Closed pSpitzner closed 4 years ago
If you are only talking about caching the download, we could check for the 'last-modified' header and only pull a new version if it is newer than a local one.
If you are taking about caching the get_* methods lru cache should work but I do not think this will get us much performance.
I like @semohr 's idea, makes sense for the class to store the modified date.
This would need to be defined per source: from our current ones, only Google returns a last-modified in the headers. JHU we could scrape commit date I guess, and from RKI we could use Datenstand.

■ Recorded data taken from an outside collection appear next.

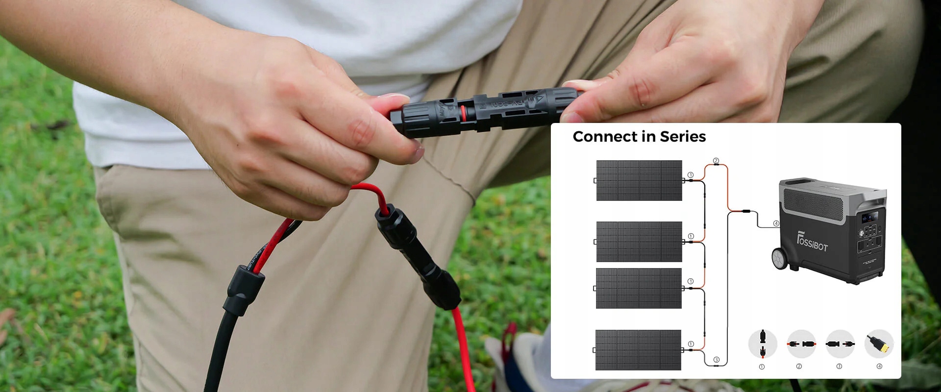 sp420 для відмінного вибору для власників генераторів Fossibot F3600. Поєднуючи чотири панелі SP420, можна повністю зарядити генератор всього за 2 години та 16 хвилин. Панель сумісна з більшістю сонячних генераторів, доступних на ринку, що робить її універсальним рішенням для всіх закоханих відновлюваної енергії.
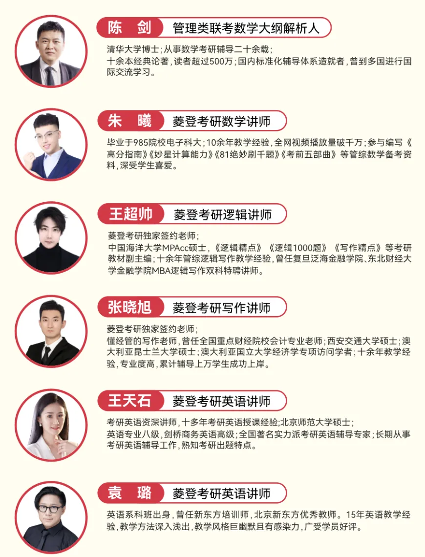为解决大家备考中的各类难题,菱登考研重磅推出27管综考研线上+线下双线程学习模式,不仅量身定制专属备考规划,更提供全科全程一站式考研辅导!
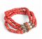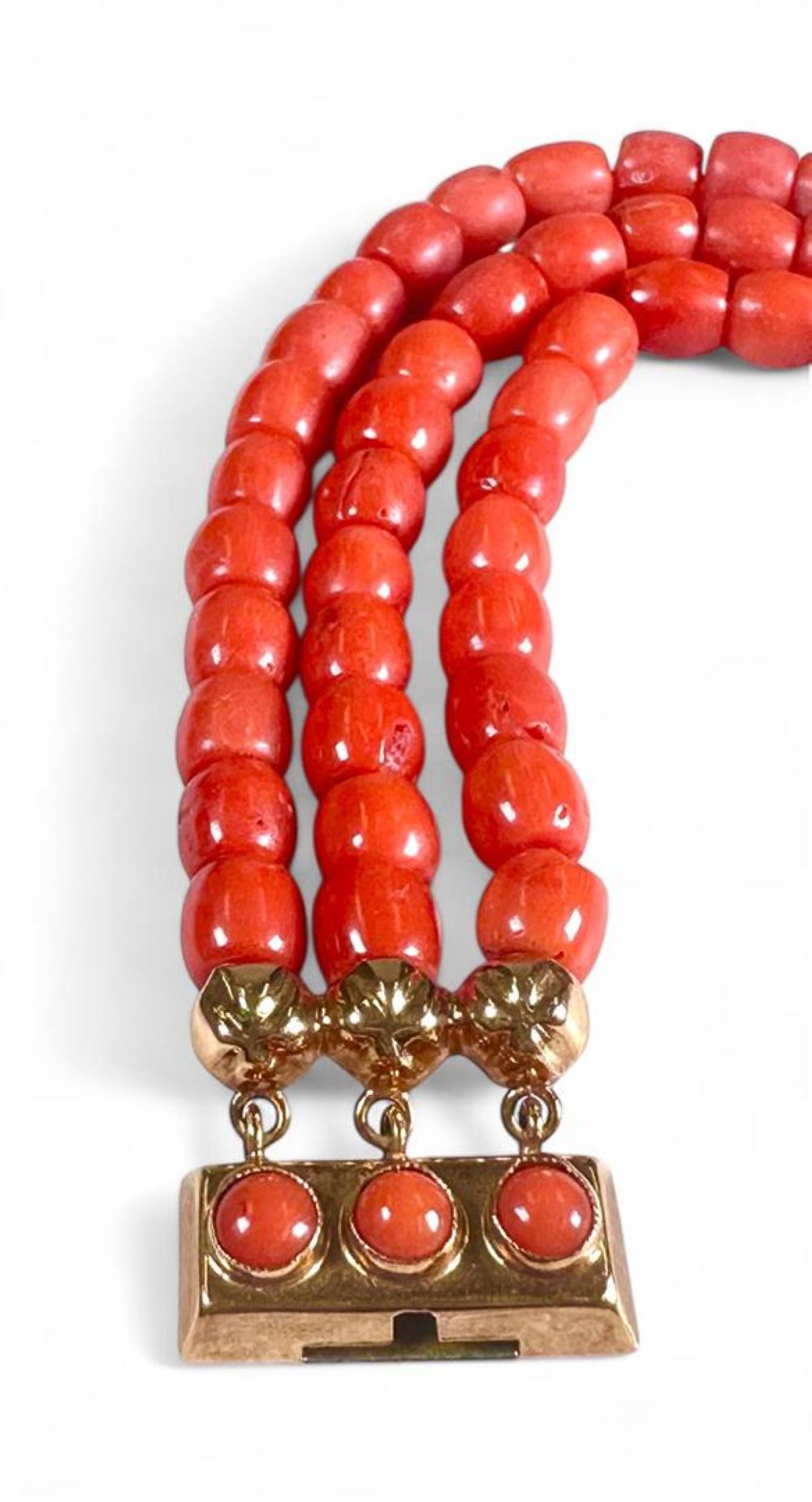 14kt yellow gold bracelet set with blood coral. The bracelet has a beautiful scalloped sliding clasp with safety chain, the clasp is set with an oval cut cabochon cut blood coral of approx. 4 mm and 3 strung strands of blood coral (barrel-shaped, approx. 5.5 mm - 6.5 mm x approx. 5.5 x 6.5 mm.)
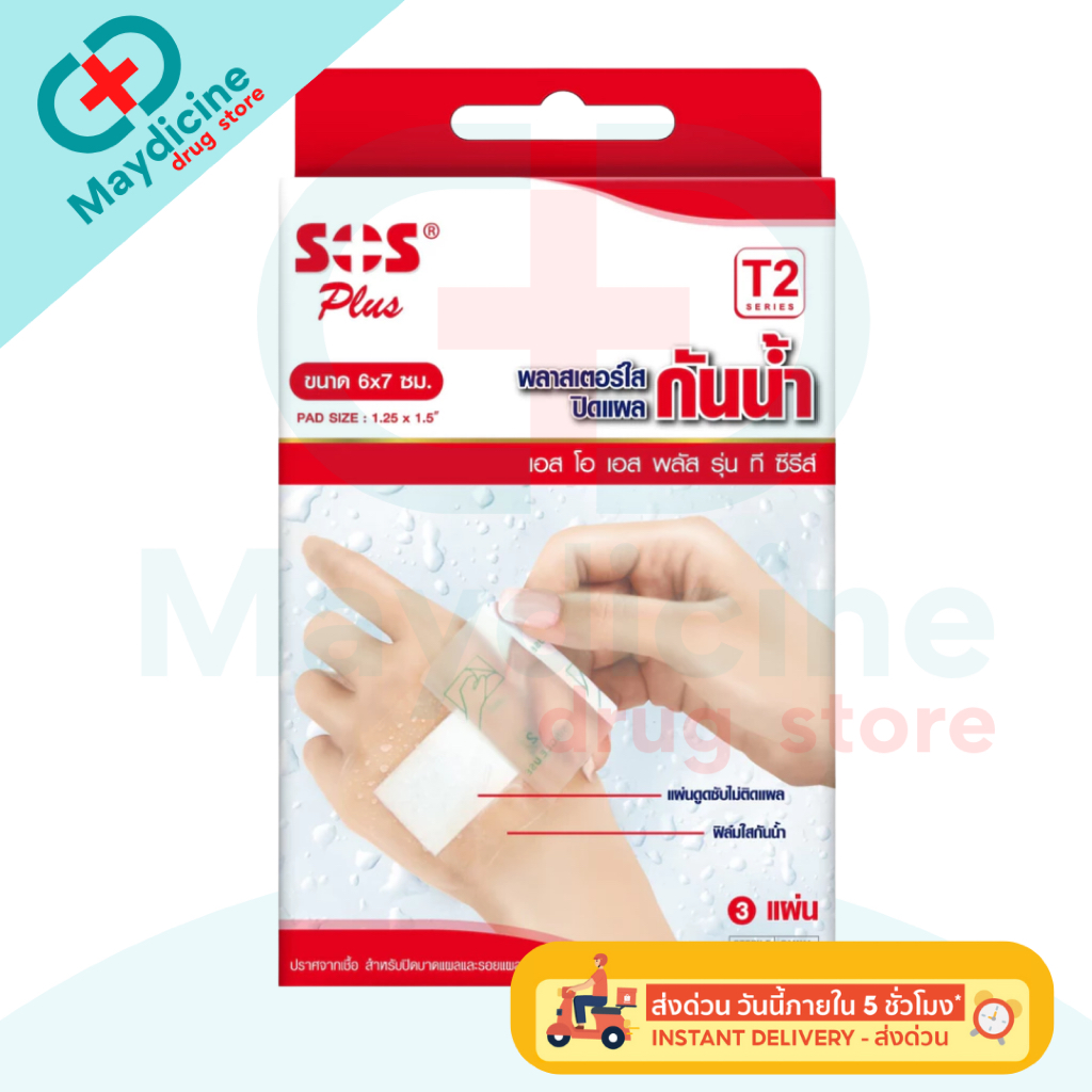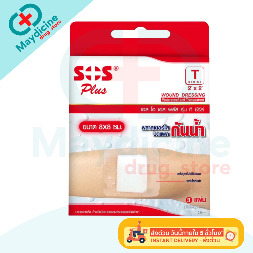 พลาสเตอร์ใสกันน้ำ SOS Plus T1 T2 T3 T4 2X2 2X4 3X3 S มินิ พลาสเตอร์กันน้ำ ปิดแผล
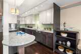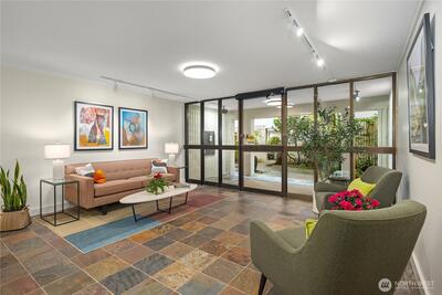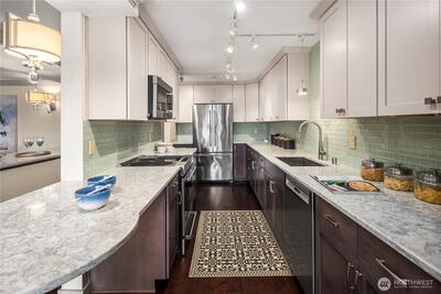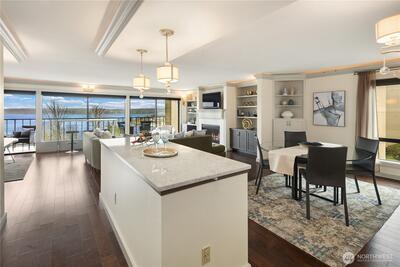 Welcome to this beautifully renovated, newly painted corner unit, offering one-level living with stunning views of Lake Washington and the Cascade Mountains. The spacious interior features a light-filled living room with floor-to-ceiling windows, a cozy fireplace, high-end lighting, and custom millwork throughout, creating an inviting space, perfect for dining and entertaining. The modern chef's kitchen boasts quartz countertops, stainless steel appliances, stylish backsplash, and is complemented by a unique built-in bar that overlooks the expansive views. The deck has plenty of room for outdoor dining or relaxing! Enjoy access to a secure building with an elevator, executive gym, sauna, woodshop, electric car charger, and a large storage locker. The property has an outdoor pool with a fountain and quick access to the Burke Gilman Trail, Warren Magnuson Park, Sandpoint Country Club, restaurants, shopping, groceries, multiple world-class hospitals, and easy downtown access. A great oppo
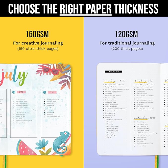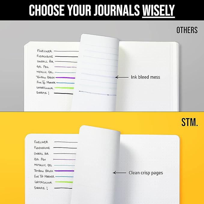 - ULTRA THICK ZERO BLEED PAPER: Enjoy zero bleed-through, zero ghosting, and zero feathering on 160gsm (ultra-thick) paper for heavy mediums such as markers and paint whilst 120gsm (thick) paper is perfect for pens, fountain pens, highlighters etc.
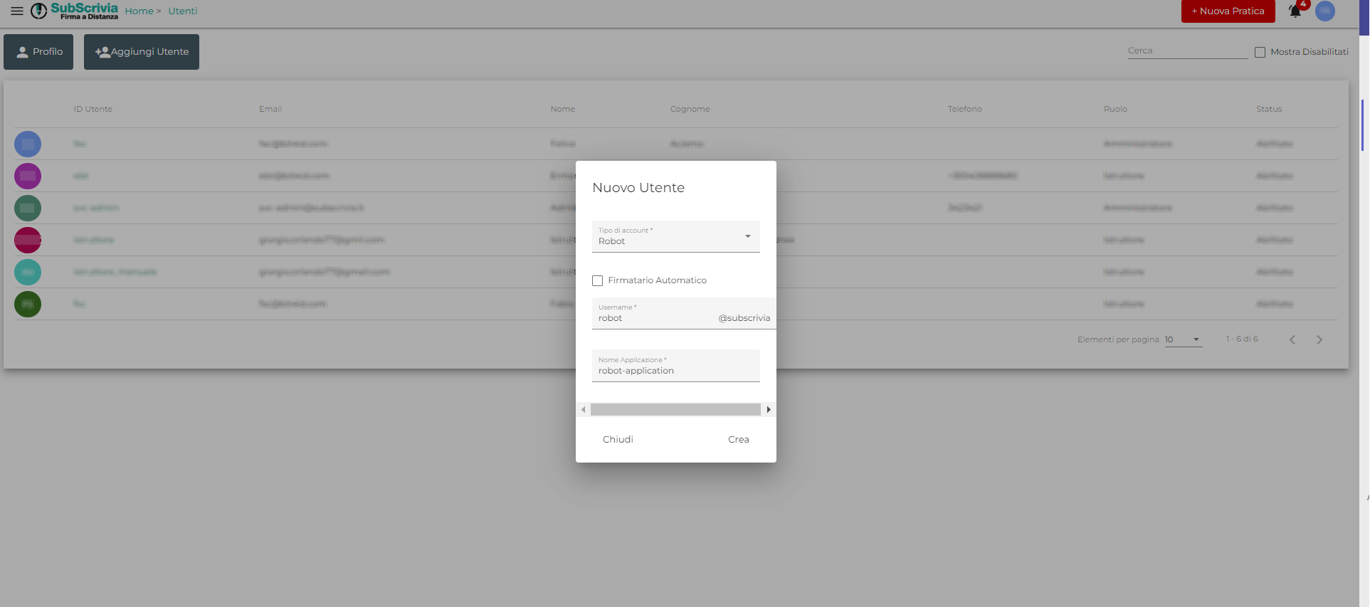 To obtain the robot user's token you have to access to Subscrivia, then click on the burger menu and select Utenti.
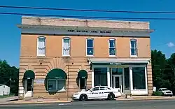 First National Bank Building is a historic bank building located at Creedmoor, Granville County, North Carolina. It was built in 1912, and is a two-story, Beaux Arts-style brick building. It features raised bands of brick cross the entire first floor front elevation, exploded in sunbursts over the three round-arched openings, and an ornate metal cornice. It housed a bank until 1977.[2]
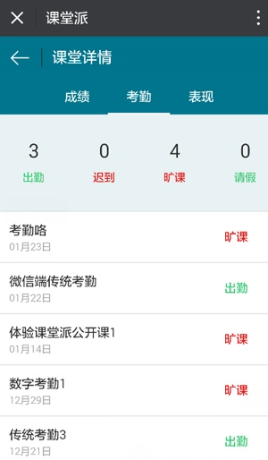 3、在考勤模块,显示每次考勤的状态,并统计出学生出勤,迟到,旷课,请假的次数;
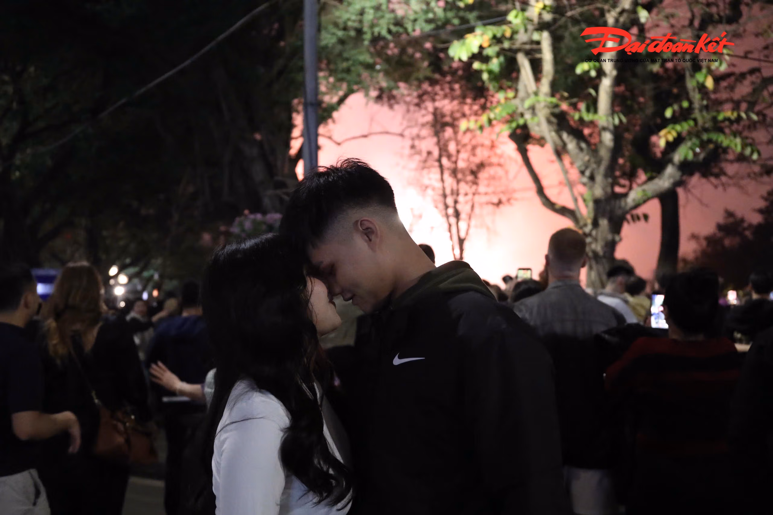 Trong ánh sáng rực rỡ của pháo hoa và đèn trang trí quanh hồ, những nụ hôn trao nhau trở thành điểm nhấn đầy cảm xúc của đêm giao thừa. Đó là cách người ta khép lại một năm cũ với bao bộn bề và mở ra năm mới bằng yêu thương, hy vọng.
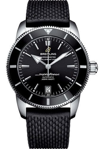 Featuring the iconic triangular-shaped hands as well as a unidirectional bezel with a polished ceramic ring, the Superocean Heritage is an elegant looking diver’s watch. Available in a variety of sizes and materials including stainless steel and 18k red gold, the Superocean Heritage B20 Automatic features a range of black or blue dials. Offered either with a matching mesh bracelet, or a “mesh-styled” rubber strap fitting a folding buckle, this Superocean Heritage is powered by the Breitling Manufacture Caliber B20, a COSC-certified chronometer based on the Tudor Caliber MT5612.

urllib.request.urlopen('https://www.gstatic.com/covid19/mobility/Global_Mobility_Report.csv').headers.items()
Out[30]:
[('Vary', 'Accept-Encoding'),
('Accept-Ranges', 'bytes'),
('Content-Type', 'text/csv'),
('Content-Length', '14090517'),
('Date', 'Tue, 21 Apr 2020 10:29:49 GMT'),
('Expires', 'Wed, 21 Apr 2021 10:29:49 GMT'),
('Cache-Control', 'public, max-age=31536000'),
('Last-Modified', 'Fri, 17 Apr 2020 00:18:22 GMT'),
('X-Content-Type-Options', 'nosniff'),
('X-Robots-Tag', 'noindex'),
('Server', 'sffe'),
('X-XSS-Protection', '0'),
('Alt-Svc',
'quic=":443"; ma=2592000; v="46,43",h3-Q050=":443"; ma=2592000,h3-Q049=":443"; ma=2592000,h3-Q048=":443"; ma=2592000,h3-Q046=":443"; ma=2592000,h3-Q043=":443"; ma=2592000,h3-T050=":443"; ma=2592000)
JHU
urllib.request.urlopen('https://raw.githubusercontent.com/CSSEGISandData/COVID-19/master/csse_covid_19_data/csse_covid_19_time_series/time_series_covid19_recovered_global.csv').headers.items()
Out[33]:
[('Connection', 'close'),
('Content-Length', '63631'),
('Content-Type', 'text/plain; charset=utf-8'),
('Cache-Control', 'max-age=300'),
('Content-Security-Policy',
"default-src 'none'; style-src 'unsafe-inline'; sandbox"),
('ETag',
'W/"eb2b872fe3dffa18fe5668d2145a8335faf912a1aa6d871153f1d52adda44a9f"'),
('Strict-Transport-Security', 'max-age=31536000'),
('X-Content-Type-Options', 'nosniff'),
('X-Frame-Options', 'deny'),
('X-XSS-Protection', '1; mode=block'),
('Via', '1.1 varnish (Varnish/6.0)'),
('X-GitHub-Request-Id', 'F8E4:63E6:311F2E:3DD53F:5E9ECCAA'),
('Accept-Ranges', 'bytes'),
('Date', 'Tue, 21 Apr 2020 10:42:40 GMT'),
('Via', '1.1 varnish'),
('X-Served-By', 'cache-hhn4058-HHN'),
('X-Cache', 'HIT, HIT'),
('X-Cache-Hits', '2, 1'),
('X-Timer', 'S1587465761.669682,VS0,VE1'),
('Vary', 'Authorization,Accept-Encoding'),
('Access-Control-Allow-Origin', '*'),
('X-Fastly-Request-ID', 'd96337c661ab3460bff4aa857b3507dc81c3132d'),
('Expires', 'Tue, 21 Apr 2020 10:47:40 GMT'),
('Source-Age', '81')]
We should think about where to store it, perhaps in a folder data/ which is added to the .gitignore file. In general I find it a good idea
Working on it :+1:
JHU still missing, right? looks great though!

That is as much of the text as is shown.